Money rules the world, and an inability to fully monetize Web 3.0 could result in companies either introducing paywalls on their decentralized applications (DApps) or finding a way to slow or control the adoption of blockchain technology in the broader market.

Whichever path companies take, they will inevitably make blockchains more expensive and less inclusive. We've already seen some tech giants reposition themselves as gatekeepers of Web 3.0 to develop and control potential revenue streams.

Progress has been slow
Decentralization is the most important aspect of Web 3.0 and blockchain and requires the development of shared protocols that are acceptable to all parties. This is a lengthy process that usually involves consensus among competing companies.

Because much of the Web 3.0 hardware and software is based on these accepted standards, it can be extremely difficult to change or extend protocols once they are established.

At some point, developers can create plug-ins, patches, extensions, and even newer versions of Web 3.0 DApps; These methods are often cumbersome and can lead to fragmentation problems.

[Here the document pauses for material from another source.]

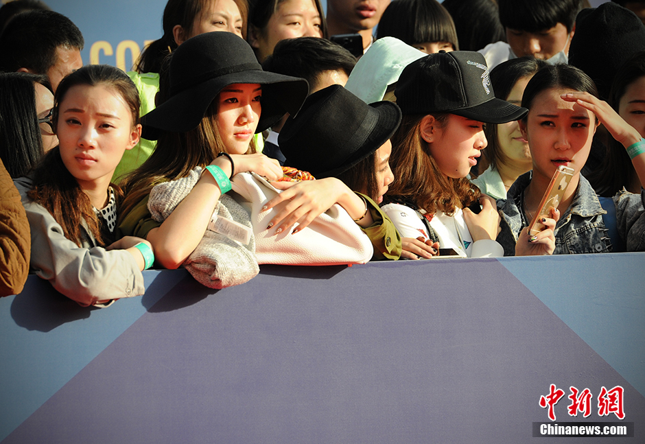 图为红毯外的美女粉丝团。 中新网记者 李卿 摄

Ironically, the more successful a blockchain is, the more nodes are needed to keep up with the changes, making it harder to modify. In essence, the eventual launch and success of Web 3.0 could inadvertently expose blockchain's underbelly.

Unable to store data
Contrary to popular belief, blockchains are not suited for storing common data. On average, a blockchain based on Web 3.0 applications may have a throughput of about 300,000 blocks per day, each using about the same amount of energy as a small apartment.

Every node on the network must store a snapshot of the entire transaction history of the blockchain. There is no room for data slicing or streaming pipes, making blockchain a very impractical way to store data.

This problem will only intensify with the launch of Web 3.0. How do you get such a large enough system to handle a vast network of data-intensive, decentralized applications?

The simplest solution is to let Web 3.0 applications continue to store their data on the Web server running the Apache instance. This means that blockchain as a way of storing data may not be good for Web 3.0, so the launch of Web 3.0 won't do much to encourage more people to use blockchain.

Final thoughts
The concept of Web 3.0 is based on the dream of greater scalability, privacy, transparency, decentralization, data control, and direct payment without mediation. While all of this can be done by leveraging blockchain in Web 3.0, the technology still has serious limitations that could make its use in semantic networks untenable.

Decentralized hardware and energy costs are quite high, scaling is a nightmare, and there aren't many ways to make money from people's personal data.

So, despite all the hype about Web 3.0, we need to lower our expectations about its impact on the adoption of blockchain technology.